With Interval data, we take a single step backwards from Ratio data in that all possibilities are on the table, with the exception that you cannot multiply or divide. What you can do, though, is add and subtract. Here are some examples:

  • 4pm is 2 hours after 2pm (i.e. 4 - 2 = 2)
  • 50°C is 30 degrees hotter than 20°C (i.e. 50 - 30 = 20)
  • My test score of 80% was higher by 20% than your score of 60% (i.e. 80 - 20 = 60)

We can’t multiply or divide any of these examples, because there is no meaningful zero, so we can’t say things like ‘4pm is twice as late as 2pm’, ‘100°C is twice as hot as 50°C’, or ‘you only scored 40% – my score of 80% means that I’m twice as intelligent as you’. Midday, the melting point of water and test scores do not have true zero-points.

With Interval data, you can do the following mathematical operations:

  • Add
  • Subtract
  • Compare (greater than, equal to or less than)

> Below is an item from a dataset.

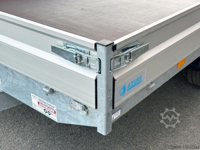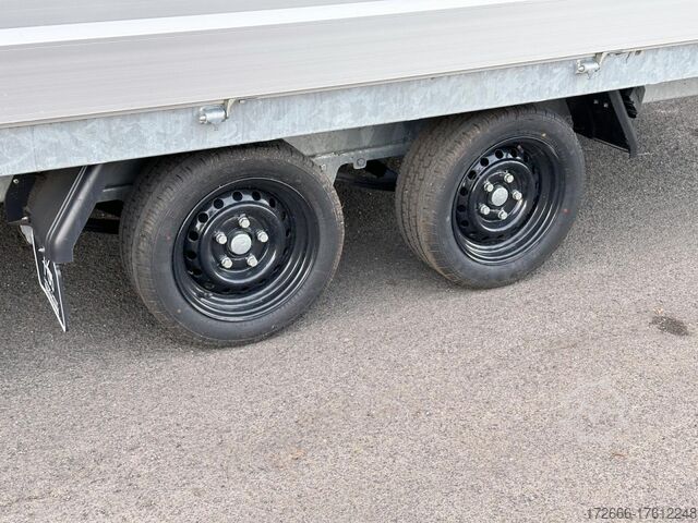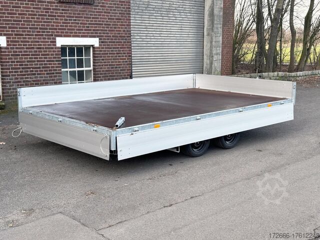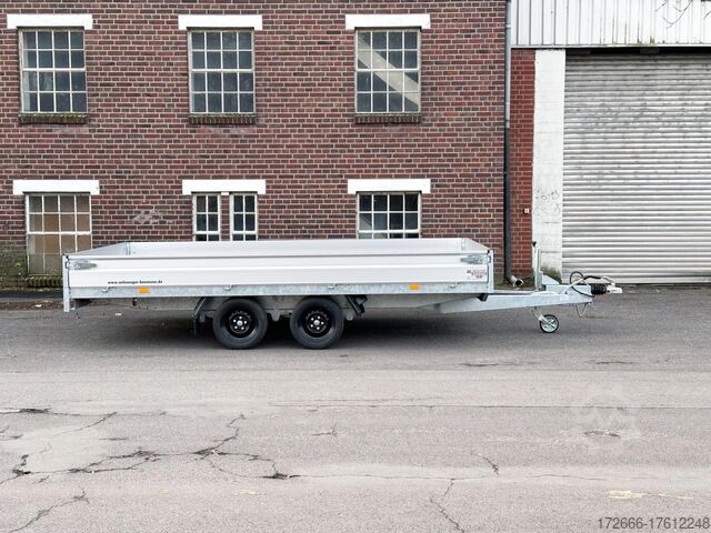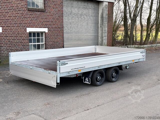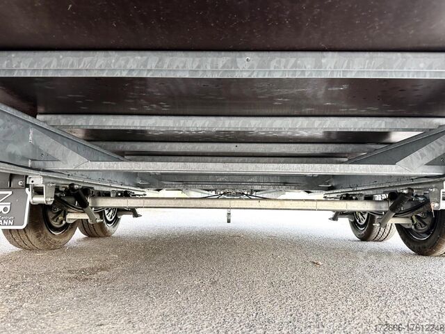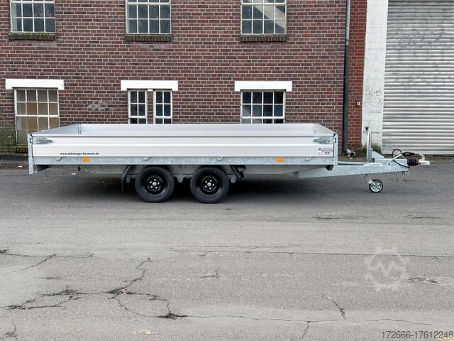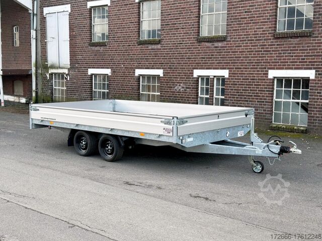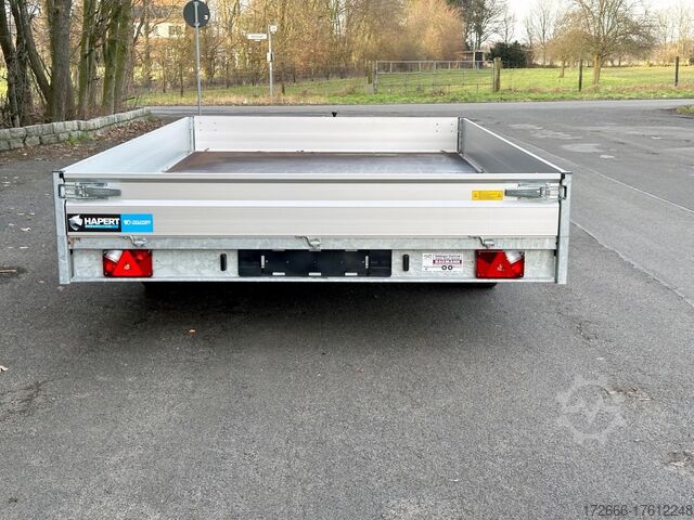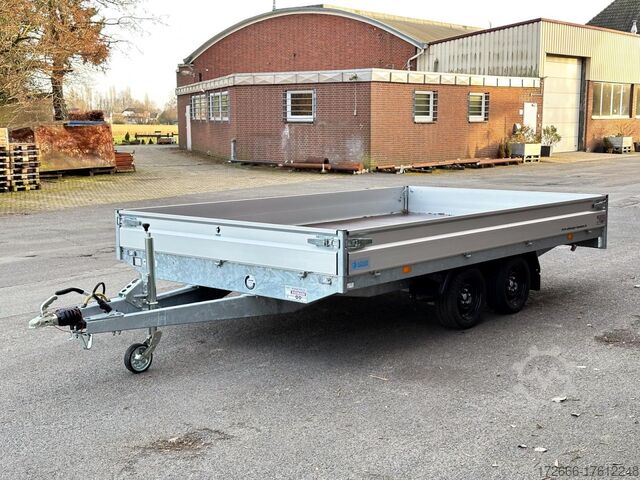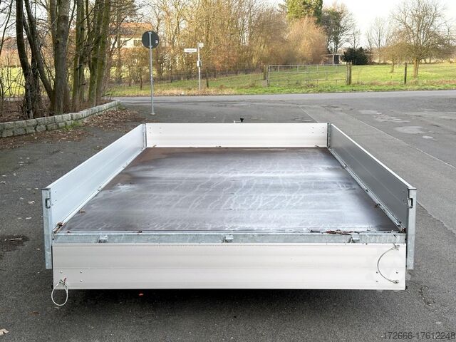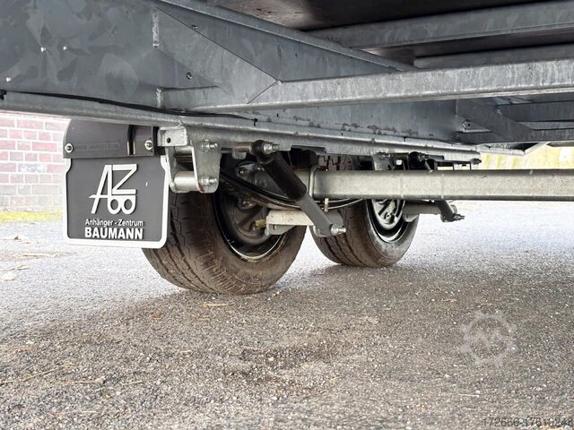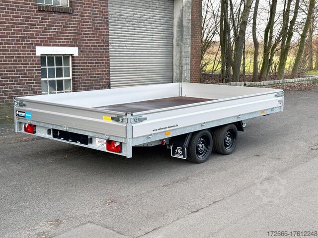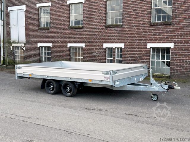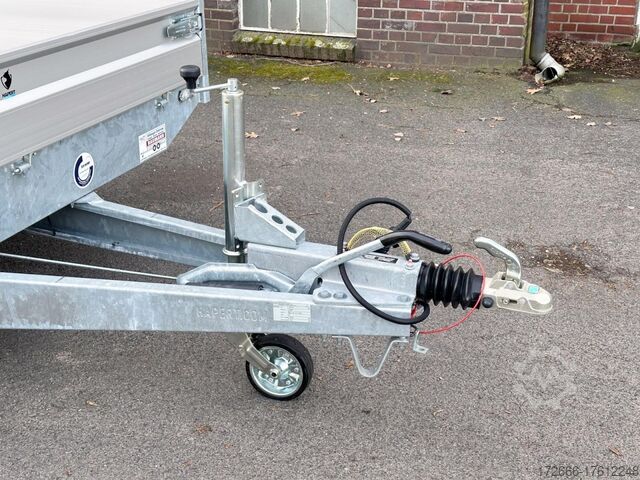 Hydraulics, automatic reversing, hot-dip galvanized, unbraked, * IMMEDIATELY AVAILABLE * Technical data: - Type: New vehicle with 2 years TÜV from first registration - Availability: Immediately available - TÜV: 2 years - Floor: Multiplex screen printing with anti-slip surface - Gross vehicle weight: 3,500 kg - Unladen weight: 740 kg - Payload: 2.760 kg - Internal dimensions: 405 x 240 x 30 cm (L x W x H) - External dimensions: 561 x 246 x 94 cm (L x W x H) - Loading sill height: 64 cm - Tires: 195/50R13C steel rim - Brake: yes - Support wheel: yes, automatic - Incl. vehicle documents (letter) - 100 km/h: INCLUSIVE Standard equipment: - New dropside hinges incl. welded-on hooks for attaching a cargo net, among other things. - Aluminium drop sides with robust built-in locks - Anodized double-walled aluminium drop sides - All drop sides foldable and removable - Removable steel corner stanchions - Insertion option at all 4 corners for tarpaulin frames, lattice attachment, drop side attachments or front wall extension - Sturdy eccentric locks - Screen-printed wooden floor, continuous without impact, non-slip and waterproof - Reinforced, sturdy bolted V-drawbar - Very sturdy welded steel frame - Frame completely hot-dip galvanized - Many standard features: - Many standard features: - New drop side hinges incl. welded hooks for attaching, for example, a cargo net. hot-dip galvanized - many cross beams therefore high point load - additional longitudinal struts welded in throughout - all cross and longitudinal beams rest on the floor - 8 lashing brackets recessed inside the side edge (1000DaN/kg) TÜV certified! - U-profile at the rear for easier attachment of the ramps - cargo net hooks on the lower hinge sections - parabolic spring axle from KNOTT - wheel shock absorbers for 100 km/h fitted - parabolic spring axle for absolute driving comfort! - Automatic reverse drive - KNOTT overrun device and parking brake - 13-pin plug - reversing lights - large safety lighting - integrated rear fog light - lighting recessed in the rear frame - automatic support wheel in the middle Special equipment included in the price : - Low chassis with 195/50R13C tires, loading floor height approx. 64cm - Parabolic suspension incl. shock absorber for 100km/h mounted instead of rubber-sprung axles - Parabolic suspension axle with shock absorber for absolute driving comfort! Optional accessories available, some of which can be seen in the pictures: - High front grille, 100cm - Tarpaulin + bows - Supports, grilles, side wall attachments, nets etc. New vehicle with warranty and TÜV. We are happy to offer you suitable financing !, Descriptions and pictures are protected by copyright !!! Over 800 trailers immediately available for you! We are for over 30 years Brian James / Humbaur / Hapert / Unsinn / Cheval Liberte / Koch / Debon / Stedele / TPV / Tohaco / Vezeko / Variant / Vlemmix - specialized dealer & repair - workshop - delivery Germany-wide with surcharge possible! Anhänger Zentrum BAUMANN GmbH Dinxperloer Str. 389 46399 Bocholt - Errors, omissions and prior sale excepted -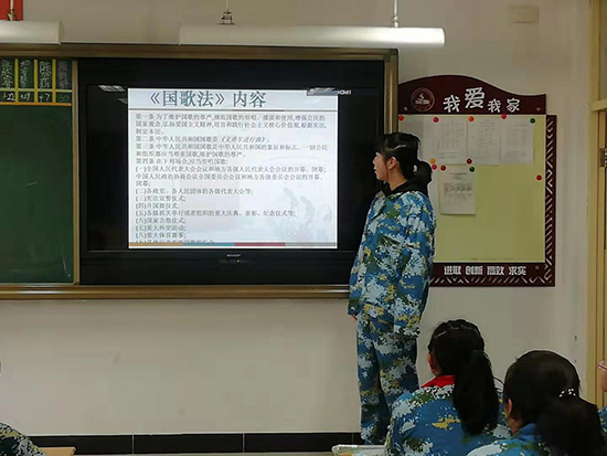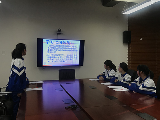 學(xué)校利用升國(guó)旗儀式、主題班會(huì)活動(dòng),團(tuán)日活動(dòng)開展了《國(guó)歌法》《國(guó)旗法》《國(guó)徽法》宣傳教育,此次活動(dòng)廣泛深入地普及國(guó)旗、國(guó)歌、國(guó)徽知識(shí),引導(dǎo)學(xué)生們自覺維護(hù)國(guó)旗、國(guó)歌、國(guó)徽尊嚴(yán),培養(yǎng)師生的愛國(guó)主義情懷,以實(shí)際行動(dòng)慶祝中華人民共和國(guó)成立七十周年。

Interval and Ratio data can often be difficult to distinguish from each other. They are both measured quantities and are continuous (measurements with decimal points are valid). The difference, though, is in whether or not there is a meaningful zero – in other words, whether negative numbers are possible. For height, weight, time measured by a stopwatch and temperature on the Kelvin scale, there is a real zero-point, so they are all Ratio data. On the other hand, time measured on a 12- or 24-hour scale, temperature measured on any scale other than in Kelvins, and test scores do not have meaningful zeros, so they are all Interval data.

Ordinal Data

The name says it all really – with Ordinal data, the data are in categories that have a natural order. What is important, though, is that the difference between each category cannot be quantified, so what you can do with Ordinal data is:

  • Compare (greater than, equal to or less than)

That’s all. Nothing else. We can say that a Scotch Bonnet pepper is hotter than a Cayenne pepper (rating at 100,000 and 10,000 on the Scoville scale), but we can’t subtract their Scoville measurements because degrees of ‘hotness’ are not meaningful. That would be like saying that you need to eat 90,000 Cayenne peppers to get the same effect as eating zero Scotch Bonnets, and that would just be silly.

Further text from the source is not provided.